A piece from several years ago that I recently revised.
Automobilus runoverus
An invasive species has taken hold in Earth’s northern and western hemispheres and is rapidly increasing in the southern and eastern.
The creatures race through Homo sapiens settlements in herds, scooping up large numbers of them and forcing others out of their way. Eventually they come to temporary rest, occupying spaces that the H. sapiens build for them.
Their preferred habitat, however, is on the edges of the settlements, where they burrow into and occupy large portions of sapiens homes.
The creatures travel rapidly on narrow rollers that slowly wear away and are shed and replaced. The discarded limbs are foul smelling and serve as breeding grounds for insects, but dirty the water when buried and the air when burned, so the sapiens invent new uses for them, such as playground equipment for their offspring.
The creature’s preferred diet is comprised of decomposed plant and animal matter, cured for millions of years underground and extracted at great cost and labor for them by the sapiens. They’ve also, however, been known to consume french fry grease, corn liquor, and juice from electric fuel cells.

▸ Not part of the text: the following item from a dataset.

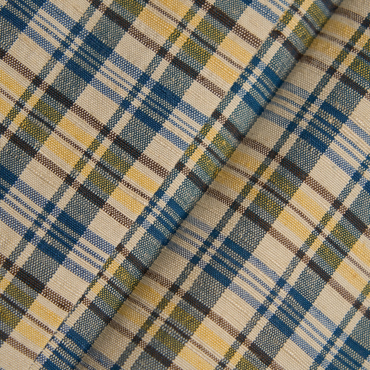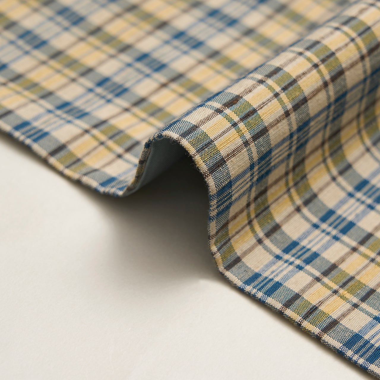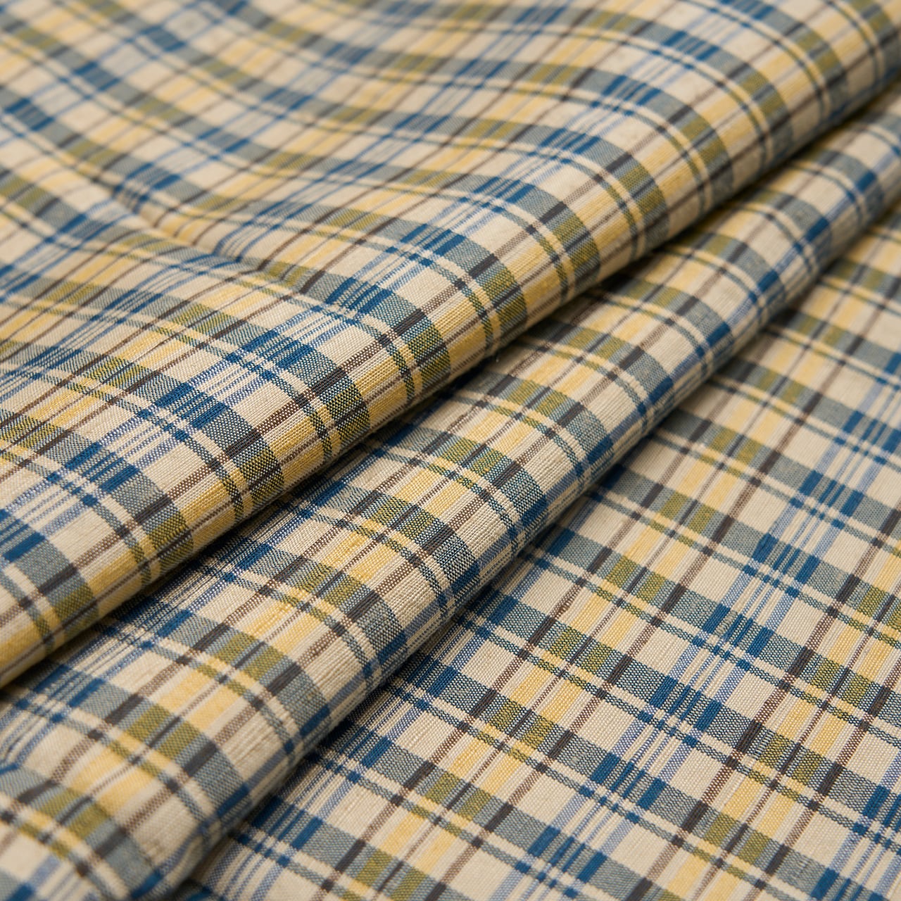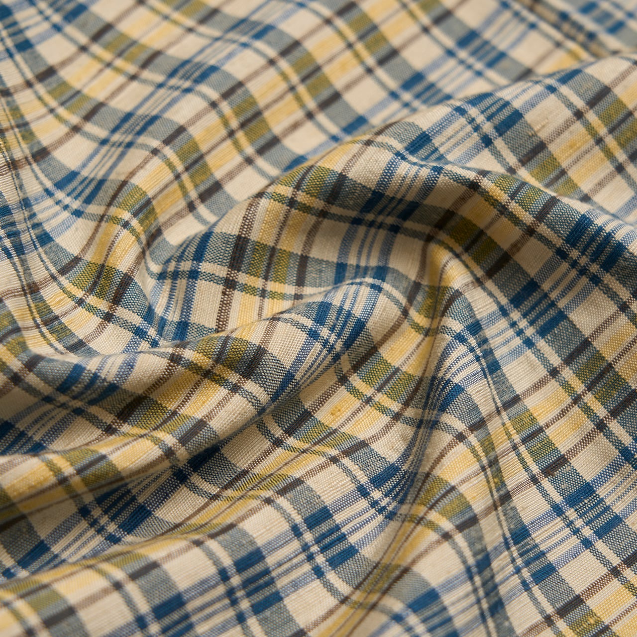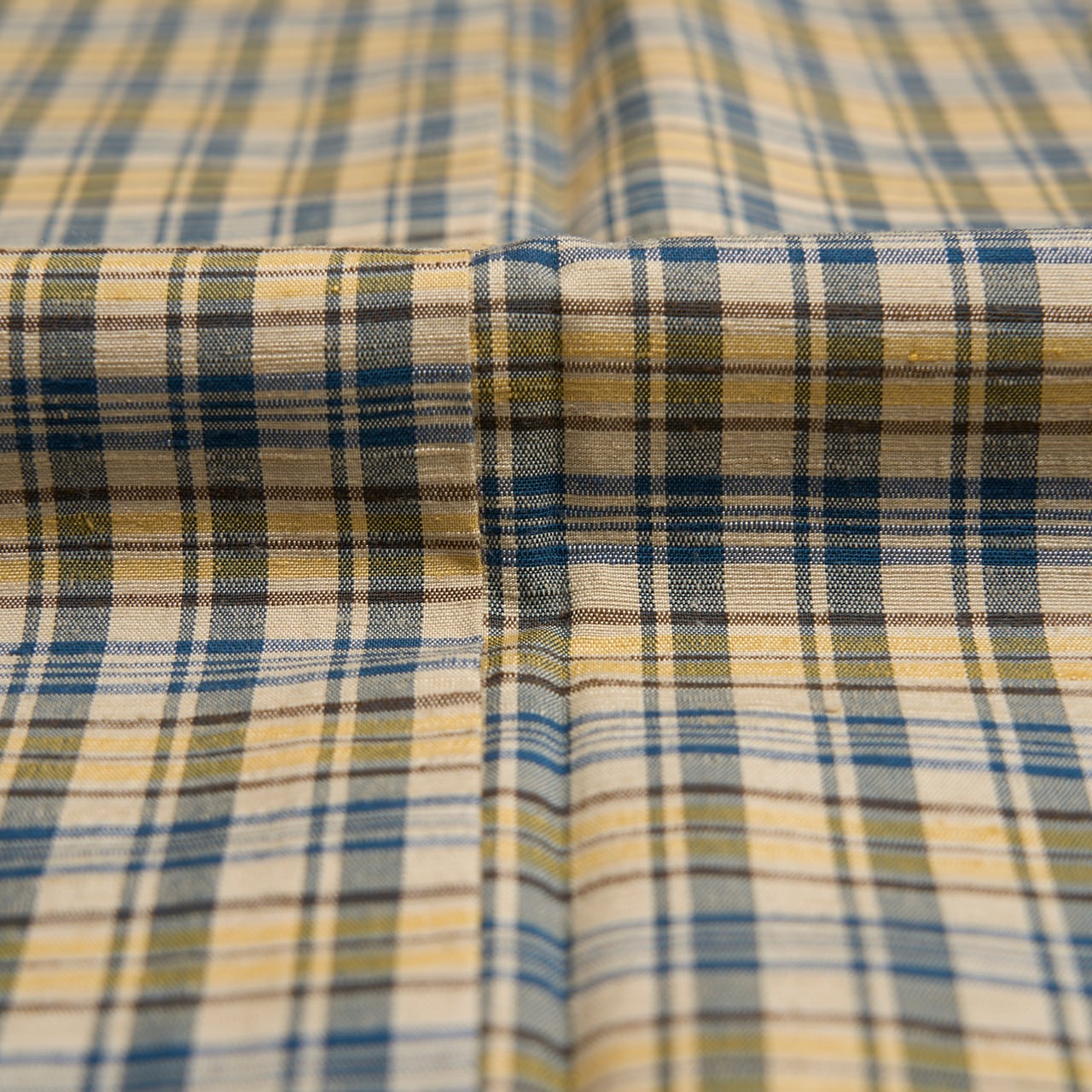 淡いグレーベージュ・灰白色の地に、横には砥粉色の黄色の太い幅の縞と、その上下には憲法色の焦げ茶の細い縞が縁取りのように置かれ、その段の間には藍で染められた鉄紺色の細い縞が織り込まれ、縦には少しグレー味のある藍・御召御納戸色の変化のある縞が織り込まれて変り格子の模様を構成した、とてもお洒落な雰囲気の座繰りの紬のお着物です。

They don’t hibernate in the winter, but do sometimes slow down and increase their intake of salt. Some grow large shovel-like snouts that they use to remove snow from their paths. The paths are made of asphalt and concrete, byproducts of their preferred diet that they shit in wide strips. The offal hardens and becomes impenetrable, creating problems for the soil and waterways needed by the sapiens to grow their own food.
The creatures also pass a variety of gases—some that change the weather and others that cause the sapiens to choke.
If the species continues to reproduce as rapidly as it has, it’s unclear where they’ll go and if it will be possible to bring the sapiens with them.